Nicolas Davy : « Je pense qu'il existe différents cas de figure. Il y a celui des animaux qui perdent de leur superbe parce qu'on les voit trop, comme les pigeons ou les corneilles. Je pense qu'il est possible d'en réhabiliter certains qui sont mal vus, tels que les ragondins ou les rats. Pour ces derniers, j'essaie de ne me concentrer que sur des photos de rats « mignonnes », afin de faire oublier qu'ils mangent les poubelles - poubelles qui s'avèrent être les nôtres et que nous pourrions cesser de laisser traîner ou déborder.
Actuellement, sur mon exposition à Bercy, un pigeon est mis en avant sur l'une de mes photos. Je pense que cela peut avoir un effet positif, et pas uniquement sur l'esthétisme. Lors de mes conférences, j'essaie d'expliquer l'intérêt de tel ou tel animal. La beauté de la photographie peut susciter la discussion. Dès qu'on prend le temps d'observer un peu ces animaux, on réalise à quel point ils peuvent être fascinants. »
« Il se passe plein de choses en ville, il est possible d'y avoir un rapport à la nature. J'ai le sentiment que ça progresse et que les gens réalisent qu'ils peuvent agir, à leur échelle. »

Mr Mondialisation : Nous oublions parfois que la protection de la nature commence en bas de chez nous. Prendre soin des hérissons, des renard ou des oiseaux... est-ce accessible à tous ?
Nicolas Davy : « Oui : au lieu de s'intéresser à l'ours polaire pour lequel nous sommes impuissants, commençons par eux ! La photo a suscité mon intérêt pour la nature et la biodiversité, mais je reste un petit parisien et j'ai du mal à me représenter la disparition des espèces à grande échelle. En m'intéressant à ce qui est proche de chez moi, tangible, je ne peux que constater les faits.
À une échelle très locale, j'ai pu assister à la disparitions d'insectes ou du bouvreuil pivoine, un oiseau que l'on voyait voler avant en Île-de-France. De ce fait, je m'implique plus mentalement et m'ouvre davantage à ce qui se passe loin de chez moi.
Protéger le hérisson est tout aussi important que le panda ou l'éléphant, d'autant qu'on peut agir depuis chez soi en créant un jardin accueillant et sans danger, dans lequel il peut se réfugier, ou simplement en conduisant moins vite la nuit.
Il se passe plein de choses en ville, il est possible d'y avoir un rapport à la nature.
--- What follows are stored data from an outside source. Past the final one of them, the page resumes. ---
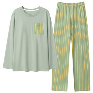 男士 春秋季 长袖 睡衣套装 家居服条纹夏冬天家居服青少年可外穿 大码由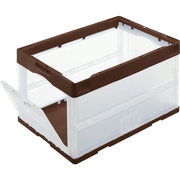 アスクル「現場のチカラ」 扉付き折りたたみコンテナ 短辺扉付き フタ無 50L ブラウン オリジナル(わけあり品)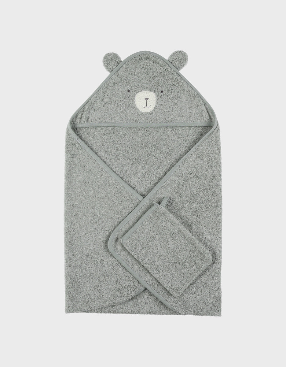 Ensemble : 1 cape de bain + 1 gant de toilette assorti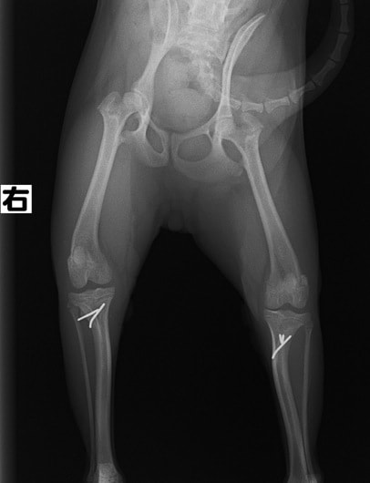 左右膝蓋骨内方脱臼(左:グレードⅣ 右:グレードⅢ)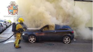 Los Bomberos de Palma han intervenido esta tarde para extinguir el fuego que se ha iniciado en un coche estacionado en la calle Cortecera de Palma. 192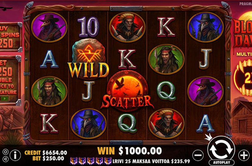 Prepare for the hunt in Bloody Dawn. Randomly during the base game, special golden symbols can land on reels 2 – 4, which transform into wilds for the next tumble if featured in a winning combination. Each consecutive tumble win also adds +1x to the win multiplier, which resets at the end of all tumbles.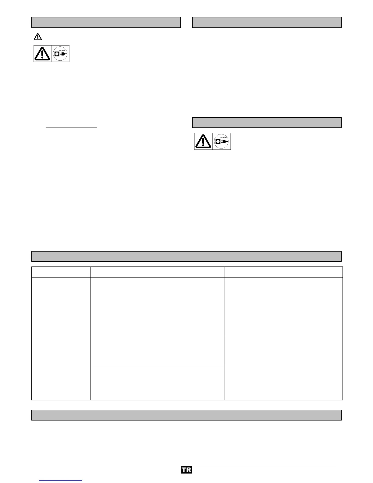 • Onarım çalışması gerekli olduğunda makineyi kapatın ve
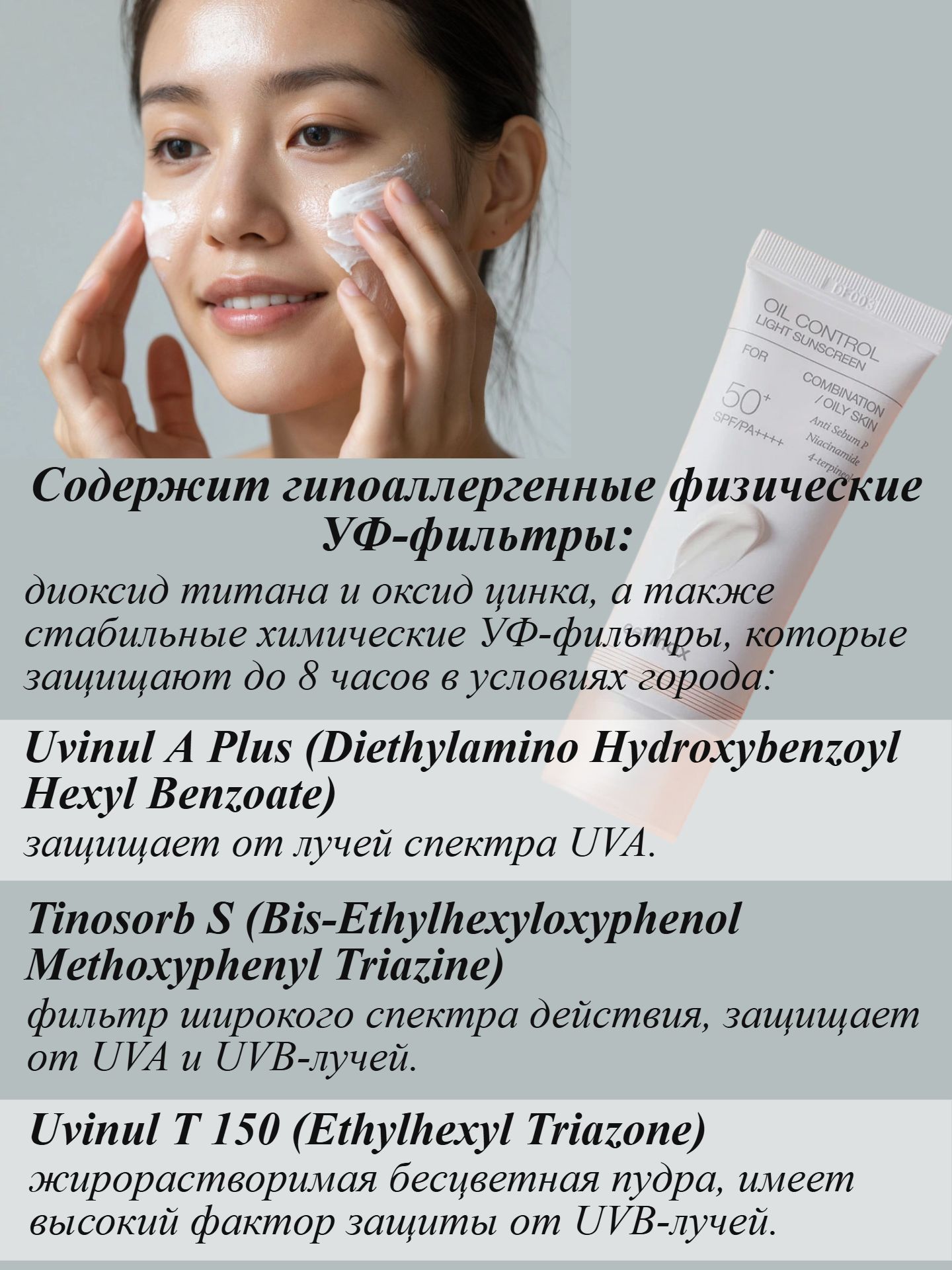 Содержит гипоаллергенные физические УФ-фильтры — диоксид титана и оксид цинка, а также стабильные химические УФ-фильтры, которые защищают до 8 часов в условиях города:

J'ai le sentiment que ça progresse et que les gens réalisent qu'ils peuvent agir, à leur échelle. »

Mr Mondialisation : Quel rôle dans la biodiversité et la symbiose locales ces animaux ont-ils à jouer ?
Nicolas Davy : « Pour moi, il n'existe pas de notion d'utile ou d'inutile, et encore moins de nuisible - un mot qui me laisse « circonspect », pour rester poli ! Chaque animal a sa place et le mieux reste de ne rien faire. Les tentatives de régulations ne fonctionnent pas, ou mal. Je constate aussi, en échangeant avec les jardiniers urbains, que les choses évoluent : nous revenons à des espèces plus locales pour les plantations.
La typologie des parcs aujourd'hui n'est plus du tout la même, elle est bien moins stérile, il existe des haies et de nombreuses herbacées pour les animaux. On commence à laisser la nature refaire les choses par elle-même, et on parvient ainsi à faire revenir certaines espèces, comme au Père Lachaise où la chouette hulotte est revenue nicher après 12 ans de disparition. Ce genre d'observation, c'est juste formidable et cela nous rappelle que ces écosystèmes se portent mieux sans intervention humaine ! »
Une quinzaine de photos inédites de Nicolas Davy sont exposées dans le cadre de la BAP25 (Biennale d'Architecture et de Paysage), à Versailles et jusqu'à la fin de l'année 2025. Visibles au Jardin des étangs Gobert, ses clichés mettent en valeur la vie des animaux sauvages la nuit, en périphérie de la ville.